Understanding Reliability and Validity


The challenges of achieving reliability and validity are among the most difficult faced by researchers. In this section, we offer commentaries on these challenges.

Difficulties of Achieving Reliability

It is important to understand some of the problems concerning reliability which might arise. It would be ideal to reliably measure, every time, exactly those things which we intend to measure. However, researchers can go to great lengths and make every attempt to ensure accuracy in their studies, and still deal with the inherent difficulties of measuring particular events or behaviors. Sometimes, and particularly in studies of natural settings, the only measuring device available is the researcher's own observations of human interaction or human reaction to varying stimuli. As these methods are ultimately subjective in nature, results may be unreliable and multiple interpretations are possible. Three of these inherent difficulties are quixotic reliability, diachronic reliability and synchronic reliability.

Quixotic reliability refers to the situation where a single manner of observation consistently, yet erroneously, yields the same result. It is often a problem when research appears to be going well. This consistency might seem to suggest that the experiment was demonstrating perfect stability reliability. This, however, would not be the case.

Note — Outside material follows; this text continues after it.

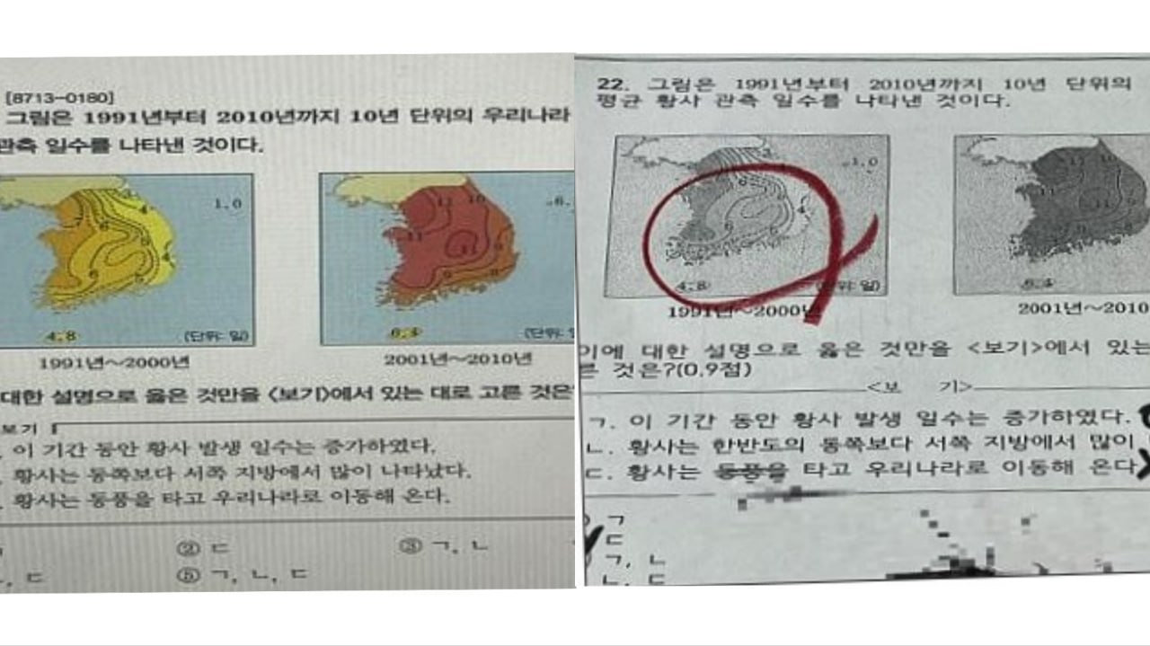 ์˜ค๋ฅธ์ชฝ์€ ํ•œ ๊ณ ๋“ฑํ•™๊ต์˜ 1ํ•™๊ธฐ ๊ธฐ๋ง์‹œํ—˜์— ๋‚˜์˜จ ์ง€๊ตฌ๊ณผํ•™ ๋ฌธ์ œ์ž…๋‹ˆ๋‹ค. ๊ต์‚ฌ๊ฐ€ EBS ๊ต์žฌ ๋ฌธํ•ญ์„ ๊ทธ๋Œ€๋กœ ๋ฒ ๊ปด ์‹œํ—˜์ง€๋ฅผ ๋งŒ๋“  ๊ฑด๋ฐ์š”. ํ•™์ƒ๋“ค์€ ๋ฐฉํ•™์‹ ๋‚  ๋˜ ์‹œํ—˜์„ ๋ด์•ผ ํ–ˆ์Šต๋‹ˆ๋‹ค.

For example, if a measuring device used in an Olympic competition always read 100 meters for every discus throw, this would be an example of an instrument consistently, yet erroneously, yielding the same result. However, quixotic reliability is often more subtle in its occurrences than this. For example, suppose a group of German researchers doing an ethnographic study of American attitudes ask questions and record responses. Parts of their study might produce responses which seem reliable, yet turn out to measure felicitous verbal embellishments required for "correct" social behavior. Asking Americans, "How are you?" for example, would in most cases, elicit the token, "Fine, thanks." However, this response would not accurately represent the mental or physical state of the respondents.

Diachronic reliability refers to the stability of observations over time. It is similar to stability reliability in that it deals with time. While this type of reliability is appropriate to assess features that remain relatively unchanged over time, such as landscape benchmarks or buildings, the same level of reliability is more difficult to achieve with socio-cultural phenomena.

For example, in a follow-up study one year later of reading comprehension in a specific group of school children, diachronic reliability would be hard to achieve. If the test were given to the same subjects a year later, many confounding variables would have impacted the researchers' ability to reproduce the same circumstances present at the first test. The final results would almost assuredly not reflect the degree of stability sought by the researchers.

Synchronic reliability refers to the similarity of observations within the same time frame; it is not about the similarity of things observed. Synchronic reliability, unlike diachronic reliability, rarely involves observations of identical things. Rather, it concerns itself with particularities of interest to the research.

For example, a researcher studies the actions of a duck's wing in flight and the actions of a hummingbird's wing in flight. Despite the fact that the researcher is studying two distinctly different kinds of wings, the action of the wings and the phenomenon produced is the same.

Comments on a Flawed, Yet Influential Study

An example of the dangers of generalizing from research that is inconsistent, invalid, unreliable, and incomplete is found in the Time magazine article, "On A Screen Near You: Cyberporn" (De Witt, 1995). This article relies on a study done at Carnegie Mellon University to determine the extent and implications of online pornography. Inherent to the study are methodological problems of unqualified hypotheses and conclusions, unsupported generalizations and a lack of peer review.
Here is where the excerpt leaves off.